→ Data supplied:
- Opening Delimiter -
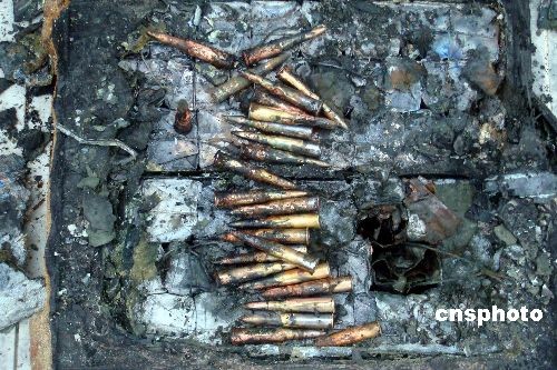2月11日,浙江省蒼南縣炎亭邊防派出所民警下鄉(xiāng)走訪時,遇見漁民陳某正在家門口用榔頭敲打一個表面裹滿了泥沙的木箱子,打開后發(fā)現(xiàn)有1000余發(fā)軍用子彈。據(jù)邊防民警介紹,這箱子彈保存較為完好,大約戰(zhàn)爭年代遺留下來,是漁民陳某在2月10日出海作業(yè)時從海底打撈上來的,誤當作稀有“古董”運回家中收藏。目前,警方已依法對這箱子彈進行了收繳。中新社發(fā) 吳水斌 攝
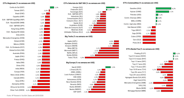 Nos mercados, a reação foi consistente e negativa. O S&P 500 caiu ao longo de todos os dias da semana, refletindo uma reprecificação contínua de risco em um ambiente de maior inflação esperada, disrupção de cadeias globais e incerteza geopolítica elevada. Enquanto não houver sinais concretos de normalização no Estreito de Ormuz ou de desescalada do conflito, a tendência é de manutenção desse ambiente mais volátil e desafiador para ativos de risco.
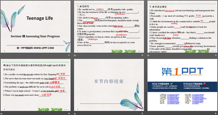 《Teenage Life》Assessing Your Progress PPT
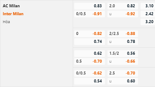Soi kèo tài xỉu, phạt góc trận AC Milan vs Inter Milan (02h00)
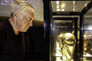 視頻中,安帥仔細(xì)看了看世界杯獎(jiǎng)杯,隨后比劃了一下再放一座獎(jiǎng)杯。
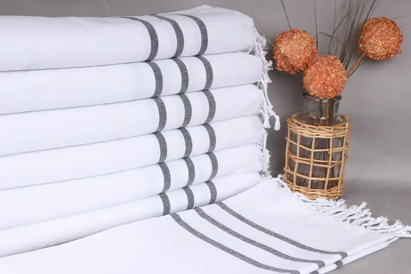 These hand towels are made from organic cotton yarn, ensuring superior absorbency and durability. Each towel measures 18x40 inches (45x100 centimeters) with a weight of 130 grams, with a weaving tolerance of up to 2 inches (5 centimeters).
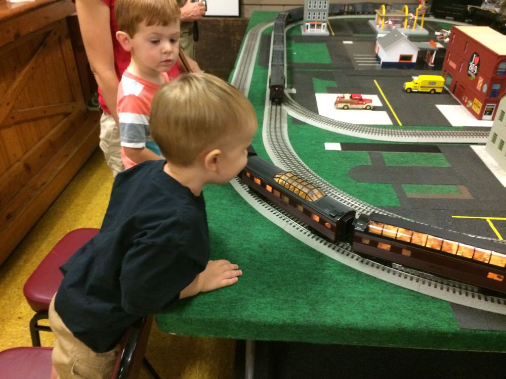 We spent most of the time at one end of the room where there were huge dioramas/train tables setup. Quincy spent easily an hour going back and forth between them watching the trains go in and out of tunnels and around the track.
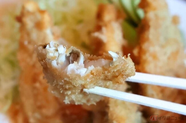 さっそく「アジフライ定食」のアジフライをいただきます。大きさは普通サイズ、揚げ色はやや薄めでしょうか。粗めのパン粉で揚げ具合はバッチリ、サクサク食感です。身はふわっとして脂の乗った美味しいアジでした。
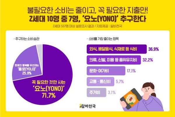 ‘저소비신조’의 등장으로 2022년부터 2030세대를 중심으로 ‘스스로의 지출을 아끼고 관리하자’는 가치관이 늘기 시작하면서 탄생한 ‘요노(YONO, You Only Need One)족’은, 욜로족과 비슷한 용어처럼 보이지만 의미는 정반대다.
- Closing Delimiter -
- Opening Delimiter -
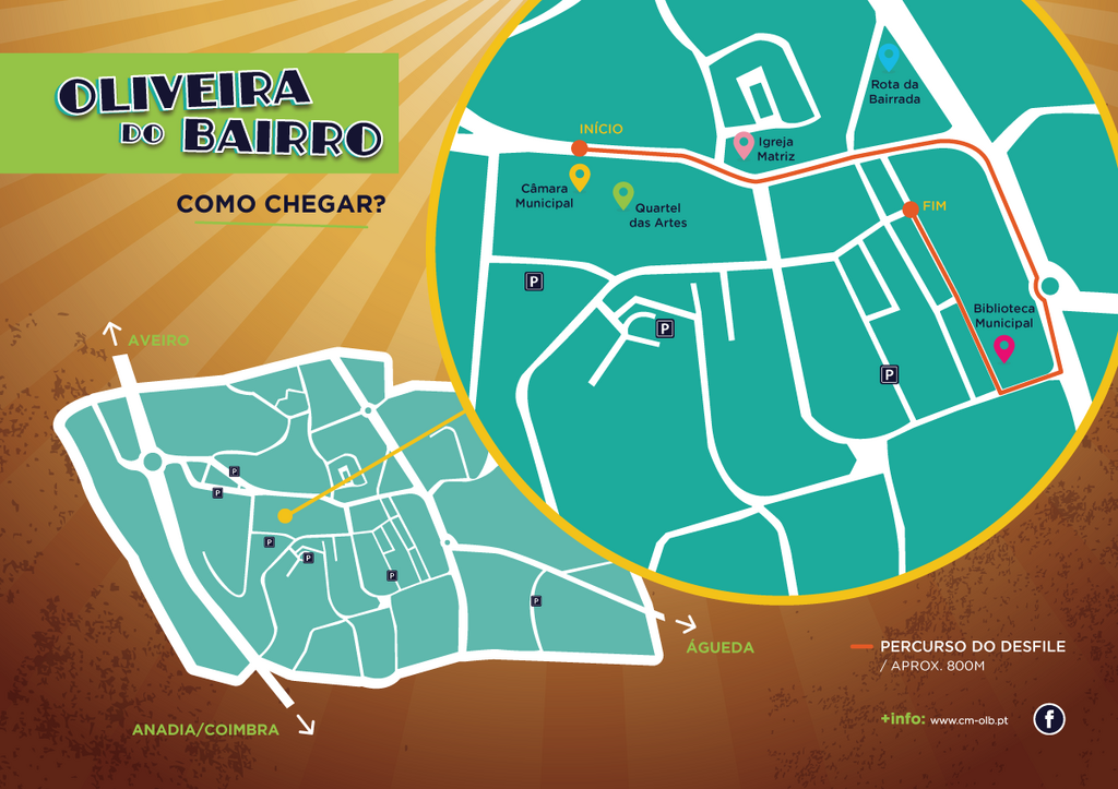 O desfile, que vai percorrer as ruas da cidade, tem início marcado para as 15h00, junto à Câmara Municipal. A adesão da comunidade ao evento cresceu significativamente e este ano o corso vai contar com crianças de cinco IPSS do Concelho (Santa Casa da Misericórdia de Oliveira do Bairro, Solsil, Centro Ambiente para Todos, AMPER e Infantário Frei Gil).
- Closing Delimiter -
→ Goal of the exercise:
Above is the material; set down exactly its lines from the one containing "視頻中,安帥仔細(xì)看了" down to the one containing "These hand towels", both included, leaving out any pictures.

→ Written answer:
 視頻中,安帥仔細(xì)看了看世界杯獎(jiǎng)杯,隨后比劃了一下再放一座獎(jiǎng)杯。
 These hand towels are made from organic cotton yarn, ensuring superior absorbency and durability. Each towel measures 18x40 inches (45x100 centimeters) with a weight of 130 grams, with a weaving tolerance of up to 2 inches (5 centimeters).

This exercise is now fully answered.